Stored data
--- START ---
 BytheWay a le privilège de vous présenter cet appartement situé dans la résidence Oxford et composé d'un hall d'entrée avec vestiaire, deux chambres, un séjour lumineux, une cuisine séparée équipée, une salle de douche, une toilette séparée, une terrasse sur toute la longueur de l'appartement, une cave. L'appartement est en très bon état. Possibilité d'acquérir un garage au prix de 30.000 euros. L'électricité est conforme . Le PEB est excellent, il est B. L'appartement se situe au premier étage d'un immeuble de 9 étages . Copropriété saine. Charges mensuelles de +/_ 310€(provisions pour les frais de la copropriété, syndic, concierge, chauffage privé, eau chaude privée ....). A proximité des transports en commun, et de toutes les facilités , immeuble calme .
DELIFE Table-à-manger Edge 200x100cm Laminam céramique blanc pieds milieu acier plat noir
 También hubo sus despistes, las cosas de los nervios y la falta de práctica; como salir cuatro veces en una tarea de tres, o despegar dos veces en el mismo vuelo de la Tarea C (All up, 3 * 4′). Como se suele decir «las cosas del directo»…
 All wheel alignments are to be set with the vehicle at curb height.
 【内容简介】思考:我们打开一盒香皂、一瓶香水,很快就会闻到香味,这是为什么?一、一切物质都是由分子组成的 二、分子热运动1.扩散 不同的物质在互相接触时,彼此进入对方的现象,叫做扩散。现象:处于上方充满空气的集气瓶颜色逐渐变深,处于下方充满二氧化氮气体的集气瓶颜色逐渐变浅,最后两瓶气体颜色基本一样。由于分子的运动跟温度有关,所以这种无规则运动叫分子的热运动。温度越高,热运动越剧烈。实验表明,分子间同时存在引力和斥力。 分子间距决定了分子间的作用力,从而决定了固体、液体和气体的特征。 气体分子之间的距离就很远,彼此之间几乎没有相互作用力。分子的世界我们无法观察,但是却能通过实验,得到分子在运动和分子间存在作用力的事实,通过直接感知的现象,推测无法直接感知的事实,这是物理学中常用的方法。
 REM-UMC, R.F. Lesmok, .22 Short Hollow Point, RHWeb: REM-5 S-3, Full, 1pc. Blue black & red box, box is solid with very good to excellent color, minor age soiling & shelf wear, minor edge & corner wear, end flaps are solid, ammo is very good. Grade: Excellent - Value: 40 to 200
--- END ---
- **YOUR GOAL**:
What are the lines from the one with "DELIFE Table-à-manger Edge" through the last line of the records above? Quote them exactly and add nothing.

- **ANSWER TO THE EXERCISE**:
DELIFE Table-à-manger Edge 200x100cm Laminam céramique blanc pieds milieu acier plat noir
 También hubo sus despistes, las cosas de los nervios y la falta de práctica; como salir cuatro veces en una tarea de tres, o despegar dos veces en el mismo vuelo de la Tarea C (All up, 3 * 4′). Como se suele decir «las cosas del directo»…
 All wheel alignments are to be set with the vehicle at curb height.
 【内容简介】思考:我们打开一盒香皂、一瓶香水,很快就会闻到香味,这是为什么?一、一切物质都是由分子组成的 二、分子热运动1.扩散 不同的物质在互相接触时,彼此进入对方的现象,叫做扩散。现象:处于上方充满空气的集气瓶颜色逐渐变深,处于下方充满二氧化氮气体的集气瓶颜色逐渐变浅,最后两瓶气体颜色基本一样。由于分子的运动跟温度有关,所以这种无规则运动叫分子的热运动。温度越高,热运动越剧烈。实验表明,分子间同时存在引力和斥力。 分子间距决定了分子间的作用力,从而决定了固体、液体和气体的特征。 气体分子之间的距离就很远,彼此之间几乎没有相互作用力。分子的世界我们无法观察,但是却能通过实验,得到分子在运动和分子间存在作用力的事实,通过直接感知的现象,推测无法直接感知的事实,这是物理学中常用的方法。
 REM-UMC, R.F. Lesmok, .22 Short Hollow Point, RHWeb: REM-5 S-3, Full, 1pc. Blue black & red box, box is solid with very good to excellent color, minor age soiling & shelf wear, minor edge & corner wear, end flaps are solid, ammo is very good. Grade: Excellent - Value: 40 to 200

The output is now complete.